Una scossa di terremoto si è verificata in Puglia alle 22:47 di oggi, sabato 4 aprile. I sismografi hanno registrato una scossa di magnitudo 3.2, con epicentro individuato 10km a nord di Lucera, in provincia di Foggia, e profondità di 11km. Non si segnalano danni a persone o cose. La scossa odierna si inserisce in un quadro sismico tutt’altro che eccezionale per il nord della Puglia. Eventi di questa intensità sono generalmente percepiti dalla popolazione ma raramente producono danni, soprattutto quando – come in questo caso – l’ipocentro si trova a una profondità intermedia (circa 11km).
Non è un episodio isolato: già nei primi mesi del 2026 diverse scosse simili sono state registrate nella stessa area del Foggiano, spesso senza conseguenze, a conferma di una sismicità “di fondo” costante ma moderata. Questo tipo di attività rappresenta, per i sismologi, il segnale di un territorio dinamico, dove le tensioni nella crosta terrestre vengono rilasciate frequentemente ma in modo non distruttivo.
Un territorio meno noto ma sismicamente attivo
Quando si parla di terremoti in Italia, il pensiero corre subito all’Appennino centrale o alla Calabria. Tuttavia anche la Puglia settentrionale, in particolare l’area della Capitanata e del Subappennino dauno, presenta una sua specifica identità sismica. Qui i terremoti sono generalmente di bassa o moderata intensità e spesso distribuiti in sciami, cioè sequenze di piccoli eventi ravvicinati nel tempo. Negli ultimi 30 giorni, ad esempio, nell’area di Lucera si sono registrati decine di eventi, per lo più di magnitudo inferiore a 3, segno di una continua attività microsismica.
Dal punto di vista geologico, questa zona si trova in una posizione particolare: è un’area di transizione tra la piattaforma adriatica e le strutture deformate dell’Appennino meridionale. Le faglie presenti non sono tra le più attive d’Italia, ma possono comunque generare terremoti anche percepibili.
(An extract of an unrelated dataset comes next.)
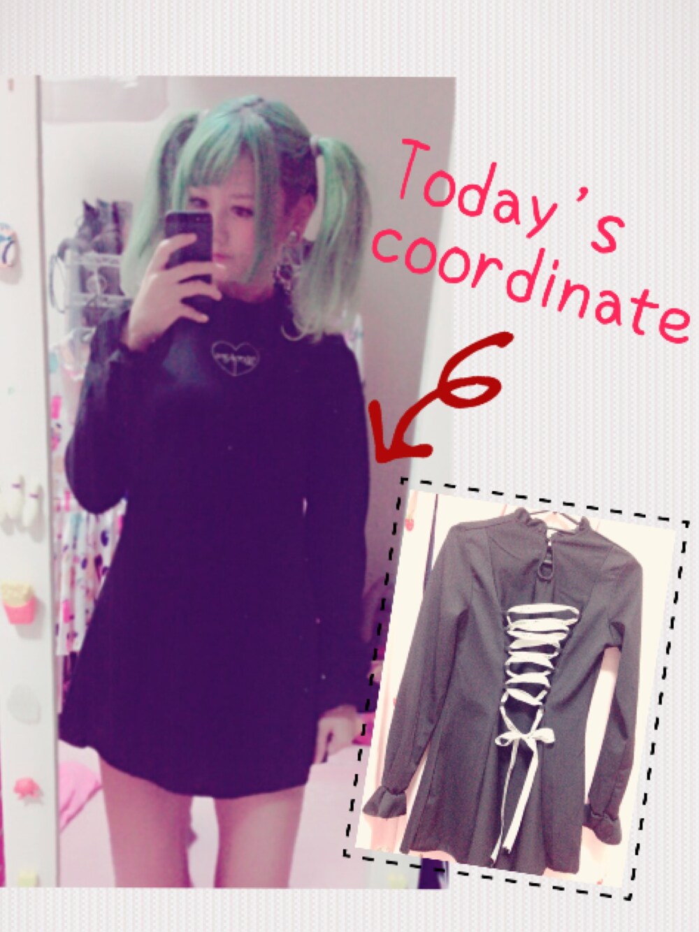 ミニ丈ワンピース💋 下にズボンを履いてるけど一件履いてない具合がかわいい😱💓 背中もレースの編み上げでキュン❤️ 一日中眠くて寒かった日😭💔
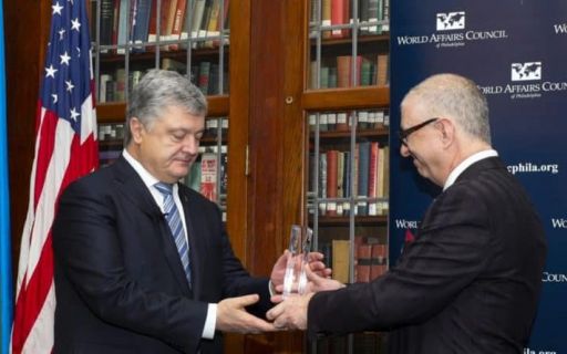 Пребывая с рабочим визитом в Соединенных Штатах Америки Петр Порошенко был удостоен отличия «Международный государственный деятель» Советом по вопросам международных дел Филадельфии

La sismicità “adriatica”: una dinamica meno intensa ma costante
Le scosse che interessano il Foggiano rientrano spesso nella cosiddetta sismicità dell’area adriatica. Si tratta di un sistema complesso, caratterizzato da movimenti lenti e diffusi piuttosto che da grandi rotture improvvise. Gli esperti considerano questi eventi parte di una normale attività geologica: la crosta terrestre accumula energia e la rilascia gradualmente attraverso piccoli terremoti, evitando – almeno in molti casi – eventi più distruttivi.
Questa “sismicità diffusa” è tipica delle zone lontane dai margini principali delle placche tettoniche. Non si tratta di un’area completamente stabile, ma nemmeno di una zona ad altissimo rischio come altre regioni italiane.
I grandi terremoti storici della Daunia
Se oggi il territorio appare relativamente tranquillo, la storia racconta però episodi ben più drammatici. L’area della Daunia, che comprende gran parte dell’attuale provincia di Foggia, è stata colpita in passato da terremoti anche molto forti.
Uno degli eventi più significativi è il terremoto del 1361, con epicentro nell’area di Ascoli Satriano. Questo sisma raggiunse un’intensità devastante, pari al X grado della scala Mercalli, provocando crolli diffusi e numerose vittime.
Altri eventi importanti si verificarono nei secoli successivi, come il terremoto del 1627 nella Capitanata e quello del 1731 che colpì Foggia, confermando che, seppur meno frequente, la sismicità dell’area può manifestarsi anche con episodi severi.